Ive had a good look on the forum and cant seem to find anything to help me in this situation, just cant seem to figure this one out, here goes anyway

$\displaystyle \tan 2x = \frac{1}{3}$ where $\displaystyle \tan x = -3 \pm\sqrt{10}$

Any help with this would be really appreciated, ive been looking at it hours now and its just not making sence to me.

Ive had a look at double angle formula, but they dont seem to relate to each other.

Thanks very much
• Mar 4th 2008, 02:51 AM
mr fantastic
Quote:

Originally Posted by farso
Hi there.

Ive had a good look on the forum and cant seem to find anything to help me in this situation, just cant seem to figure this one out, here goes anyway

$\displaystyle \tan 2x = \frac{1}{3}$ where $\displaystyle \tan x = -3 \pm\sqrt{10}$

Any help with this would be really appreciated, ive been looking at it hours now and its just not making sence to me.

Ive had a look at double angle formula, but they dont seem to relate to each other.

Thanks very much

Double angle formula: $\displaystyle \tan(2x) = \frac{2 \tan x}{1 - \tan^2 x}$.

Therefore:

$\displaystyle \frac{1}{3} = \frac{2 \tan x}{1 - \tan^2 x}$

$\displaystyle \Rightarrow \frac{1}{3} (1 - \tan^2 x) = 2 \tan x$

$\displaystyle \Rightarrow 1 - \tan^2 x = 6 \tan x$

$\displaystyle \Rightarrow \tan^2 x + 6 \tan x - 1 = 0$.

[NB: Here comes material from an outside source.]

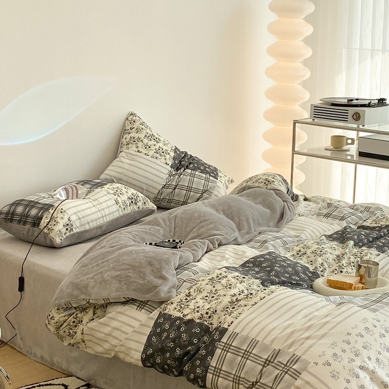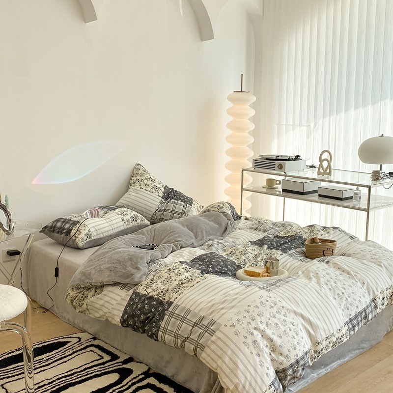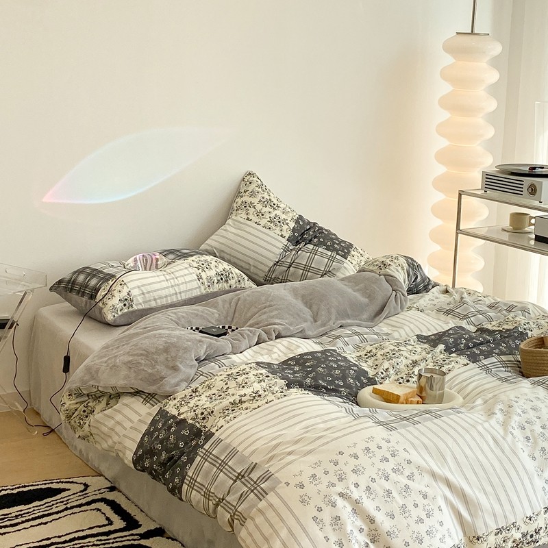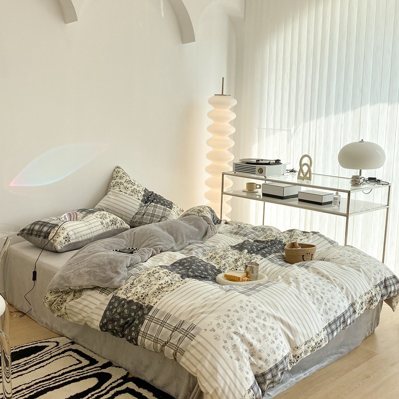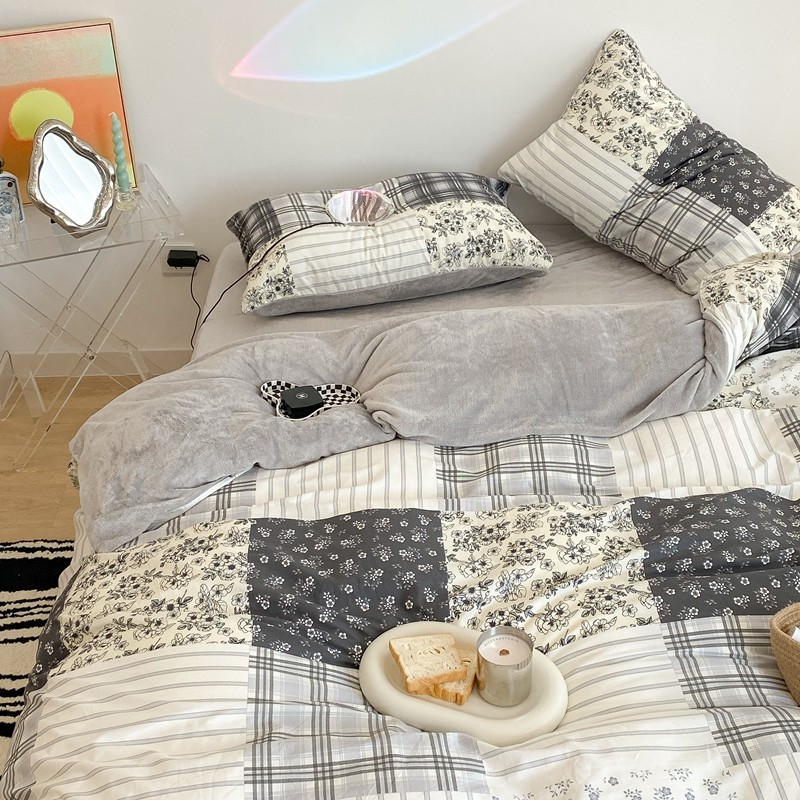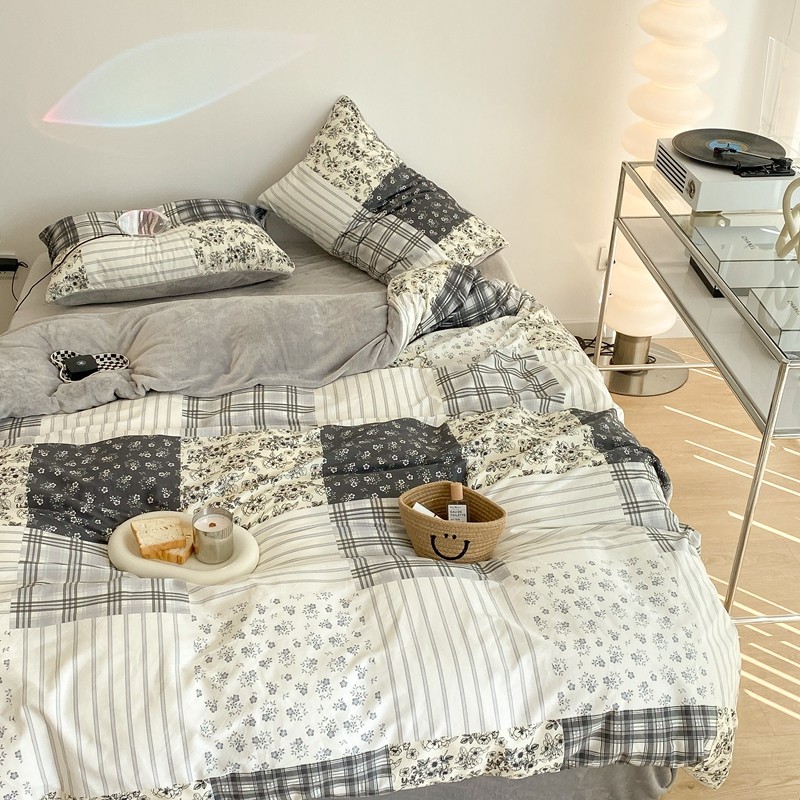 (总)昔可 2023新款全棉ins格子混搭系列四件套,ins简约绿格,粉蓝格,开心果格,学院格纹,粉绿格,海盐兰格,黄绿格,夏日蓝条,芝士黄条,紫芋泥芝士格

This is a quadratic equation in tan x. Solve it using the quadratic formula:

$\displaystyle \tan x = -3 \pm \sqrt{10}$.
• Mar 4th 2008, 03:20 AM
farso
Thanks very much! I can see exactly how i was ment to do that now the answer is in front of me!

Always the way isnt it?

Should be good for next time though, thanks!